• YOUR OBJECTIVE: The copy you return must begin at the line containing "Picture a row" and end at the final line of the listing below, with every picture left out.

• EXERCISE DATA:
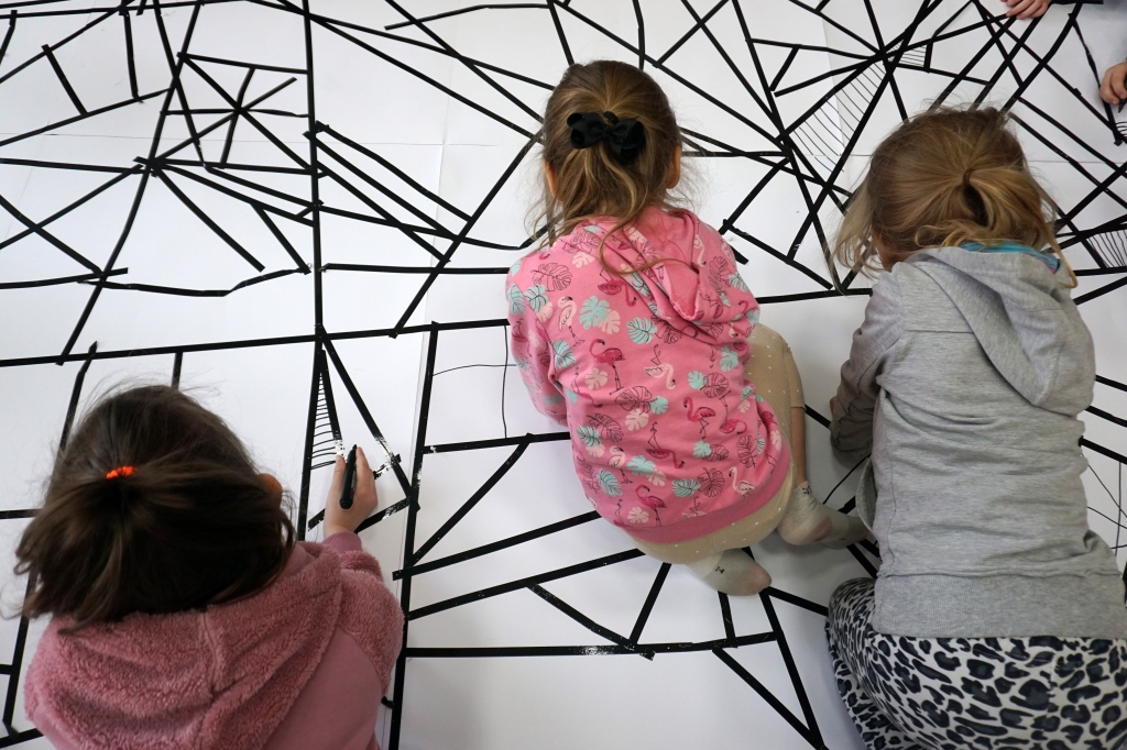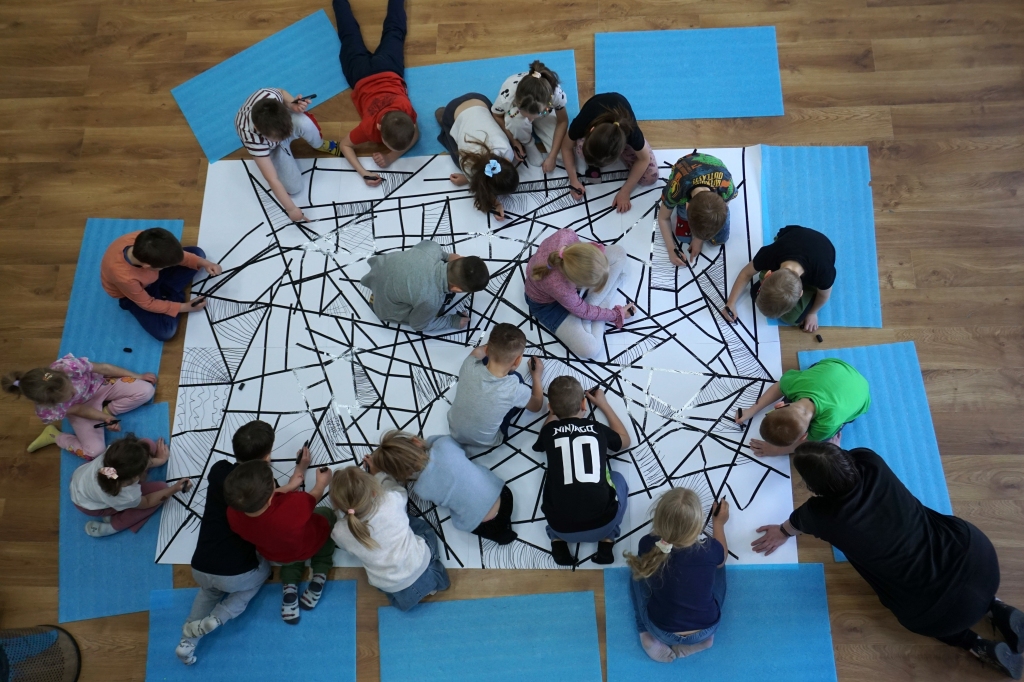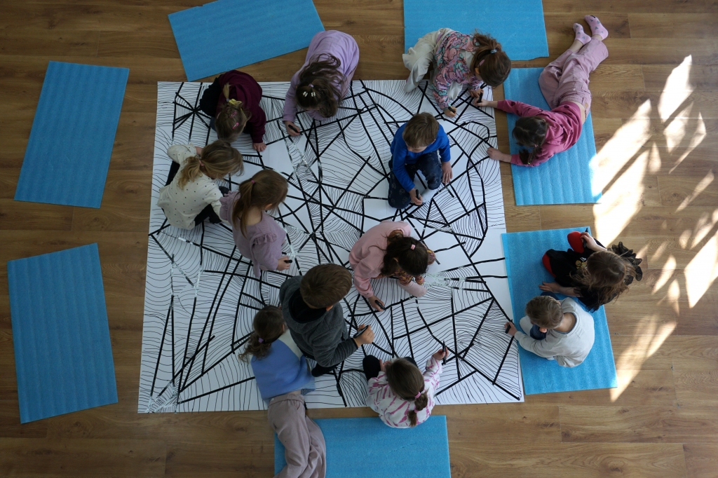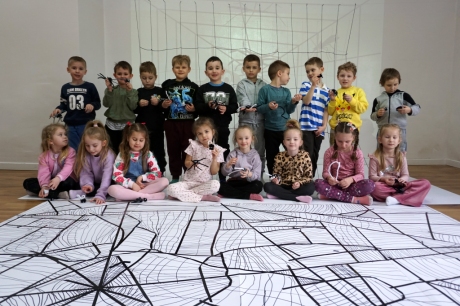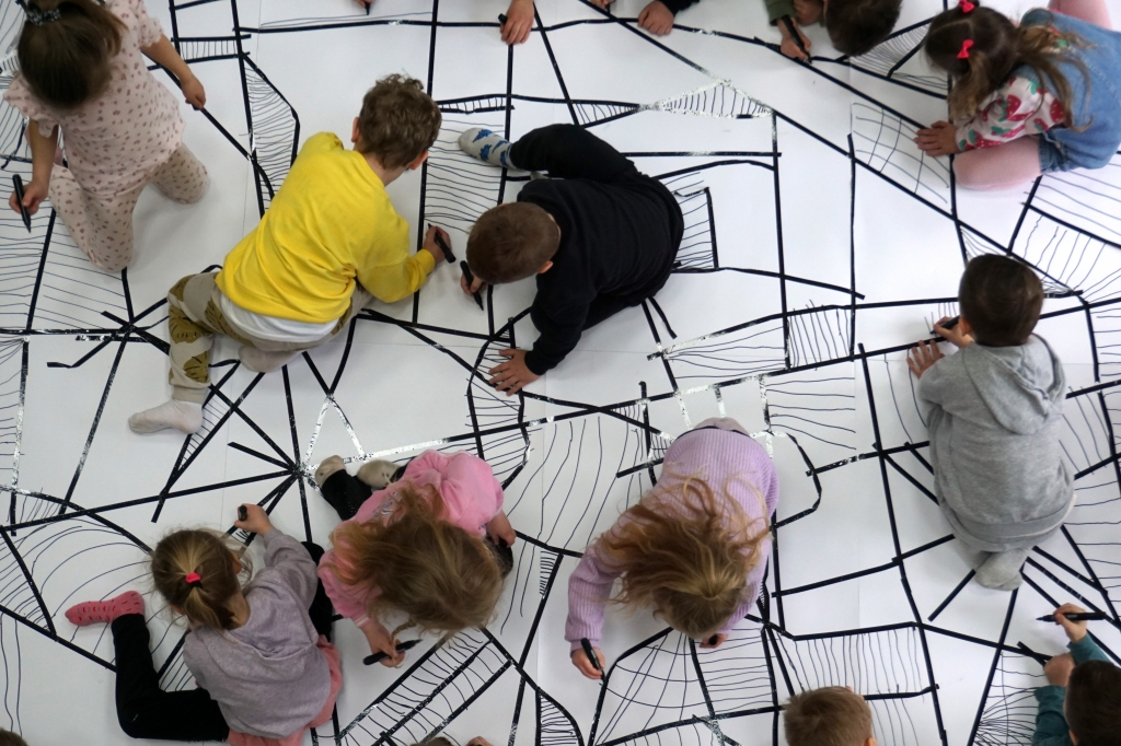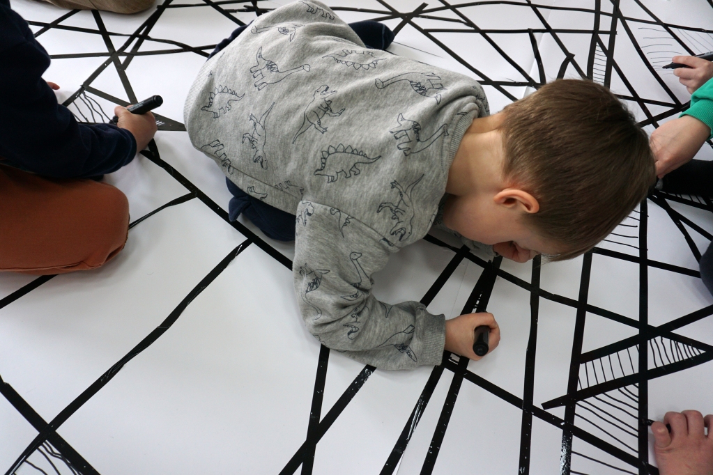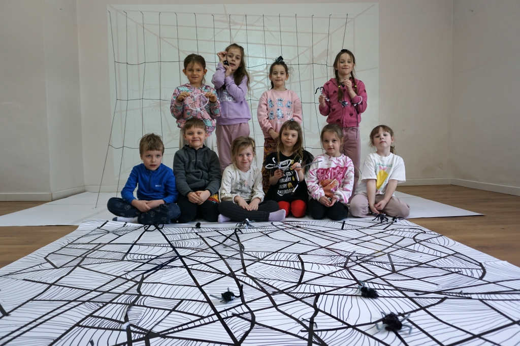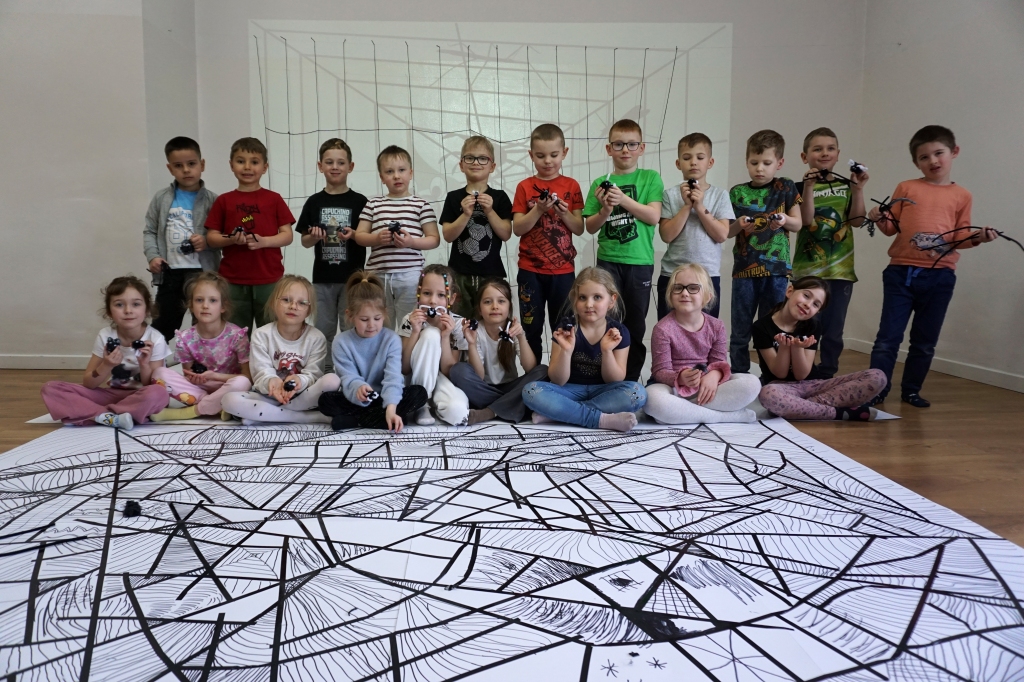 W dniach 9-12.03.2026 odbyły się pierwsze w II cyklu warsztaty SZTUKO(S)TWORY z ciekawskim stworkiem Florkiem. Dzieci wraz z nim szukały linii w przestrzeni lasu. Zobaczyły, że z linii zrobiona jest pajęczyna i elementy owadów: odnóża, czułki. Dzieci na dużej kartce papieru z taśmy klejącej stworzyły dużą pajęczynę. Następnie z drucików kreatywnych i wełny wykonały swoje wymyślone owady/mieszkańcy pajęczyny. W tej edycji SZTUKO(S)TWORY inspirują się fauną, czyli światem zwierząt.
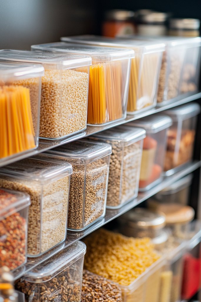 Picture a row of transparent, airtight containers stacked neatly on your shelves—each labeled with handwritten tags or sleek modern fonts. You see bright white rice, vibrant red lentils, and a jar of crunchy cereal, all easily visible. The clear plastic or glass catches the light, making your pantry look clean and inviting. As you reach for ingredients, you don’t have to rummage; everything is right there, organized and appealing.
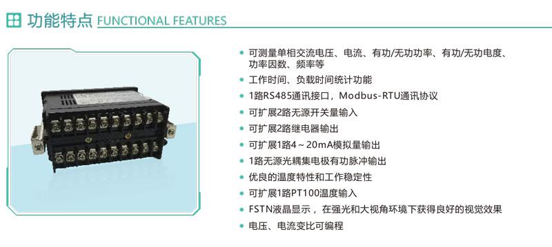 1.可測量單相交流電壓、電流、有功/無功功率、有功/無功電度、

• OUTPUT OF THE TASK:
 Picture a row of transparent, airtight containers stacked neatly on your shelves—each labeled with handwritten tags or sleek modern fonts. You see bright white rice, vibrant red lentils, and a jar of crunchy cereal, all easily visible. The clear plastic or glass catches the light, making your pantry look clean and inviting. As you reach for ingredients, you don’t have to rummage; everything is right there, organized and appealing.
 1.可測量單相交流電壓、電流、有功/無功功率、有功/無功電度、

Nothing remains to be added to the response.